Note: In addition to GAAP Net Income disclosures, ARCC also discloses “Core EPS”, which is non-GAAP measure that is the net per share increase (decrease) in stockholders’ equity resulting from operations less: (1) expenses incurred in connection with ACAS, (2) net realized and unrealized gains (losses) and (3) any capital gains incentive fees or taxes payable that are related to (2).
Despite the strong results and good color provided in the discussion in ARCC’s 4th quarter 2017 earnings call (ARCC Q4 2017 results earnings call transcript), ARCC currently trades at about $15.90 – about 95.5% of NAV, providing an annualized dividend yield of 9.6% (Note that ARCC has declared a $0.38 per share dividend that will be payable to shareholders as of March 15th).

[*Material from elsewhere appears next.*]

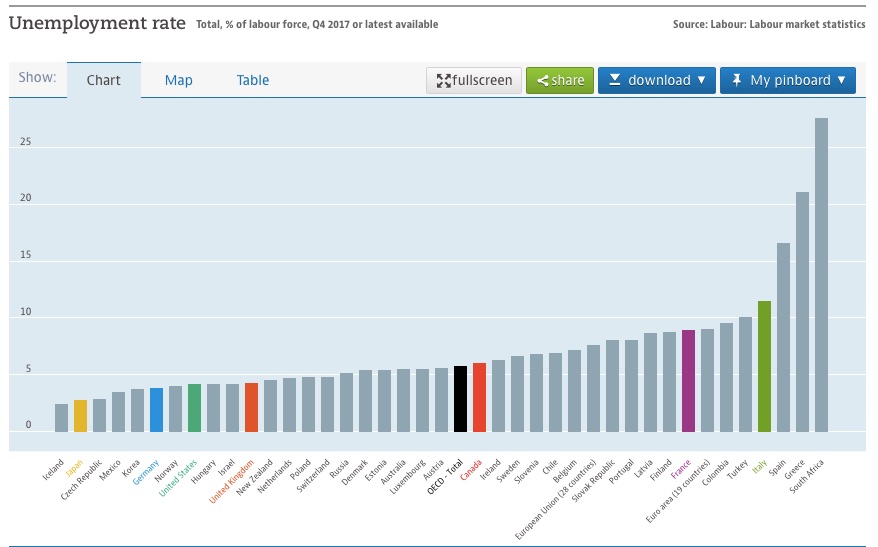 Questi paesi non fanno forse parte dello stesso mondo capitalistico? Non vivono forse le stesse “contraddizioni insanabili”? E allora come si spiegano queste divergenze? O dovremmo credere che tali contraddizioni strutturali riguardano solo certi paesi, tra cui il nostro? In tal caso, Ventura sarebbe in buona compagnia: gli economisti della Commissione europea la pensano esattamente così, tanto che hanno inventato un parametro – quella della disoccupazione strutturale o naturale – secondo cui in qualunque paese in un dato momento esiste un tasso di disoccupazione “naturale” che dipende proprio dalle condizioni “strutturali” di quel paese, che per loro natura non sono modificabili per mezzo di un diverso orientamento delle politiche economiche (il caso vuole che il tasso di disoccupazione naturale sia sempre molto vicino a quello della disoccupazione effettiva; per una critica teorica di questa impostazione si veda qui).
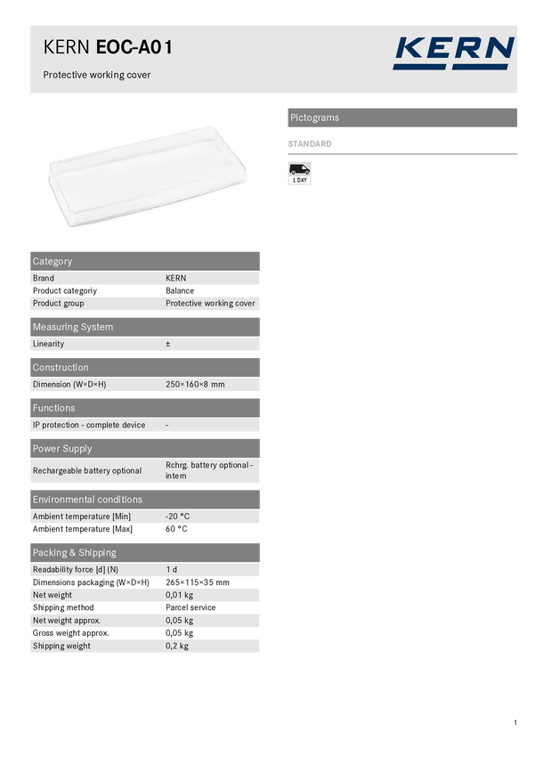 EOC-A01 Osłona robocza EOC-A01 Kern EOC-A01 EOCA01

Given the strength of ARCC’s business model, attractive portfolio, favorable liability structure, successful track record of building and maintaining value throughout different parts of credit cycles, and expected benefit from rising interest rates, ARCC should trade much better than its current price, which is approximately a 5% discount to NAV. ARCC should easily trade at a 10% premium to its NAV of $16.65 – which would imply a share price of approximately $18.32 – which would provide an annualized dividend yield 8.30%.
During 2017, ARCC focused on incorporating ACAS’s assets into its portfolio and at the same time resolved its approximate $1.6 billion legacy Senior Secured Loan Program (“SSLP”) program. ARCC’s 4th quarter financial results show the significant progress that has been made.

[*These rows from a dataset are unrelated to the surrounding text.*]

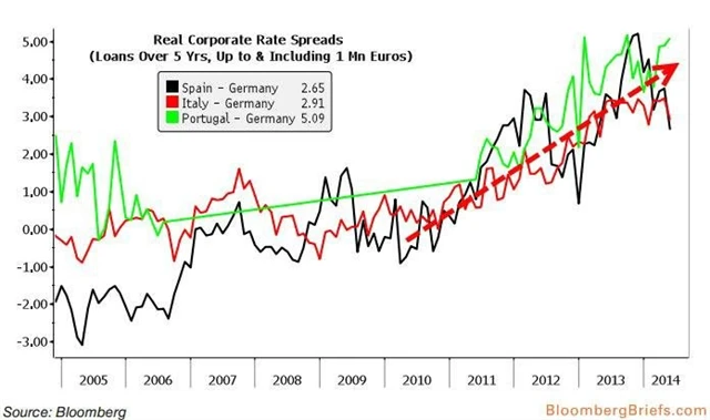 Graf, který možná nedá Mariovi Draghimu klidně spát, ukazuje rozdíl v úrocích z firemních půjček v Německu a zemích PIIGS. Tento spread roste, získat úvěr v zemích, které stále čekají na výraznější ekonomické oživení, je tedy pro firmy, hlavně ty malé a střední, stále dražší. ECB přitom usiluje o opak.
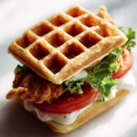 Crispy fried chicken layered between golden homemade waffles with fresh lettuce, tomato, creamy mayonnaise, and a drizzle of maple syrup. This sweet and savory sandwich delivers the perfect balance of crunch, juiciness, and fluffy texture in every bite.
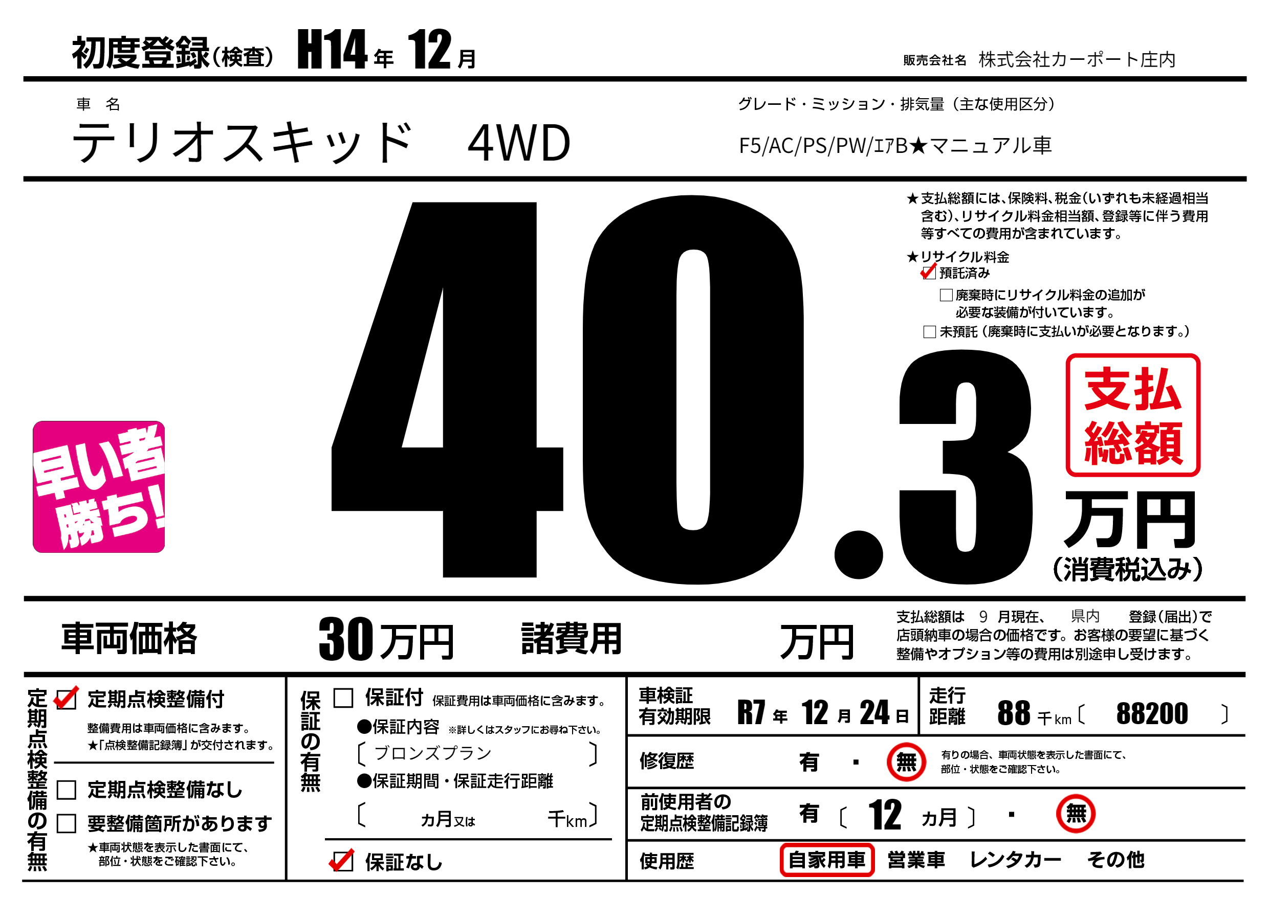 | 車名 | テリオスキッド 4WD | グレード ミッション 排気量 |
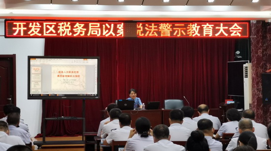 近日,应盘锦市经济开发区税务局邀请,盘锦市兴隆台区色花堂刑事检察的检察官为税务局干部上了一堂预防职务犯罪警示教育课。
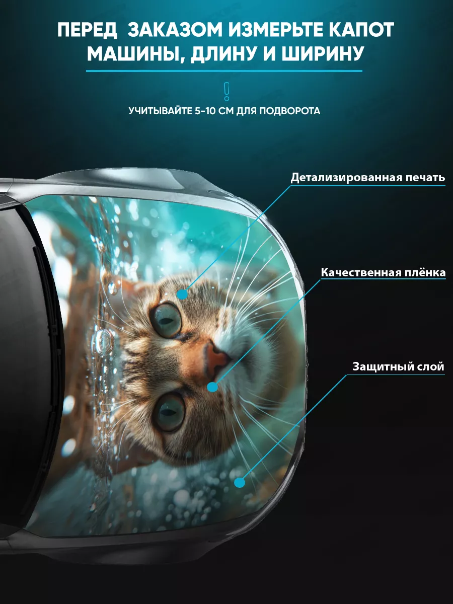 Представляем большую наклейку на капот с изображением милых котов, которая станет идеальным акцентом для вашего автомобиля

Going forward, ARCC is poised to further benefit from higher portfolio yields and future additional incremental yield enhancement initiatives, and will also benefit from future increases in interest rates due to its attractive asset/liability composition.
Kipp deVeer, ARCC’s CEO, said in the 4th quarter earnings call:
“Looking back over 2017, we’re pleased that we’ve accomplished nearly all of the goals that we set for ARCC at the beginning of the year, namely increasing our quarterly earnings through the rotation of the American Capital portfolio, resolving the wind-down of the SSLP, and investing prudently with a focus on funding incumbent borrowers.”

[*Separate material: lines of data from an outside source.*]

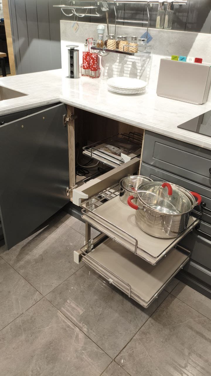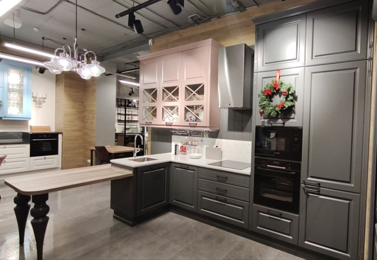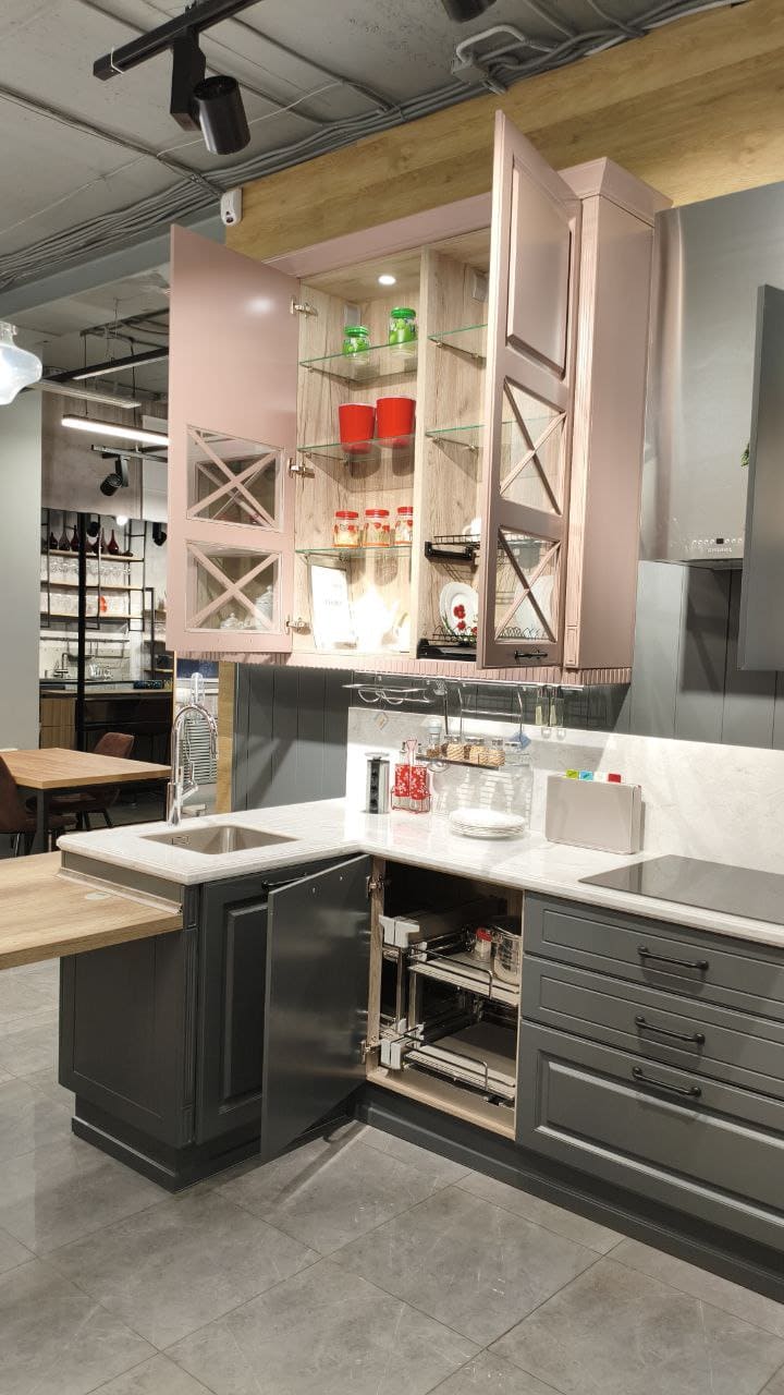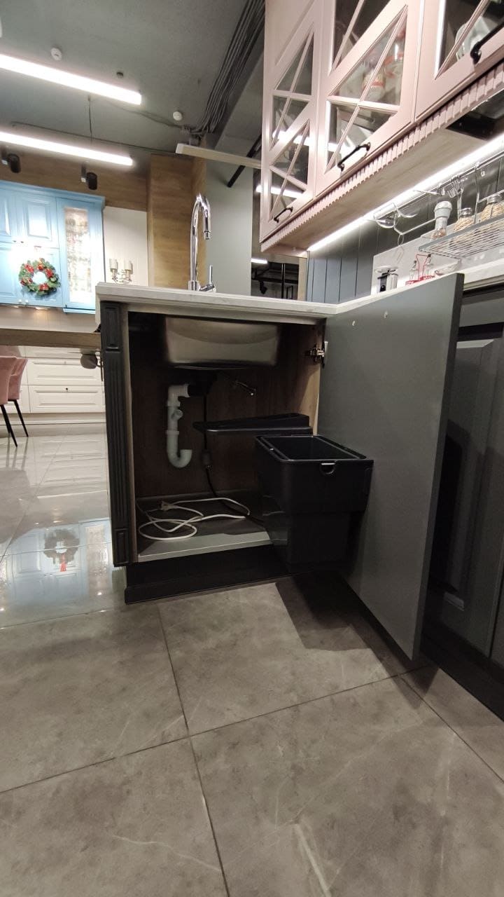Внешний вид, описание дефектов: Фасад под мойкой не плотно закрывается, выпил в боковине под провод с заглушкой. Механизм в пристыковочной секции до конца не выдвигается, мешает фасад под мойкой. Могут присутствовать незначительные потертости, сколы, царапины. Люстра, ёмкости для печенья и бокалы не входят в данный комплект кухонного гарнитура.
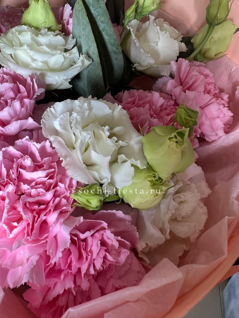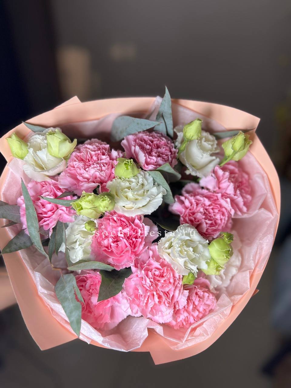 Для заказа товара "Букет гвоздик и эустом "Сири"" с доставкой в Набережных Челнах нажмите в корзину
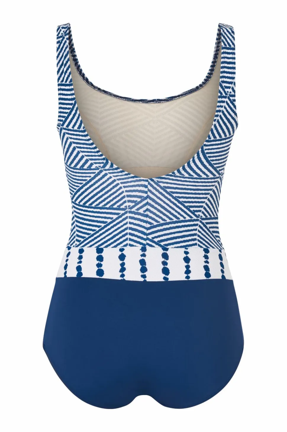 En badedragt, der på slående vis kombinerer to forskellige mønsterprint med ensfarvede farver.

The table below presents a summary of Core EPS and GAAP EPS over the past 5 years. The table at the end of this article presents a summary of projected Core EPS for 2018 and 2019.
ARCC’s management has been very transparent in its presentations and earnings discussions about the many and complex steps it has focused on in order to increase its core earnings in order to meet its objective of having regular dividends covered by its core earnings. A portion of ARCC’s 2017 Investor Day Presentation (November 16, 2017 – ARCC Nov 2017 Investor Day Presentation) specifically covered the multiple areas that are part of the ARCC game plan to enhance core earnings.
ARCC has been successfully executing in all of these areas, resulting in core earnings of $0.38 per share in the 4th quarter 2017, and setting up for increases in core earnings from 4th quarter levels for future periods.
Given investor concerns about the potential impact of rising interest rates, it is important to note that ARCC has an asset sensitive balance sheet – meaning that ARCC’s net income will increase as interest rates increase since ARCC has $11.8 billion of investments (of which 81% are floating rate) and only $4.9 billion of debt (of which only 13% is floating rate). As discussed later in this article, a 1.0% increase in general interest rates could increase ARCC’s net income by approximately $0.17 per share.
Ares Management, L.P. As External Investment Advisor
ARCC is managed by its external investment advisor, Ares Capital Management LLC (NYSE:ARES), a subsidiary of Ares Management, L.P. (“Ares”), a publicly traded leading global alternative asset manager with approximately $106 billion of assets under management as of December 31, 2017. Ares’ Credit Group, with approximately 100 U.S.-based investment professionals, is a leading manager of liquid and illiquid credit strategies across the non-investment grade credit universe, with approximately $71.7 billion of such assets under management as of December 31, 2017.
As part of its credit activities, Ares is also one of the largest self-originating direct lenders to U.S. and European middle markets that it believes to be increasingly underserved by traditional bank lenders. During 2017, Ares’ Credit Group closed over $10.6 billion in commitments across 206 transactions in its U.S. direct lending strategies.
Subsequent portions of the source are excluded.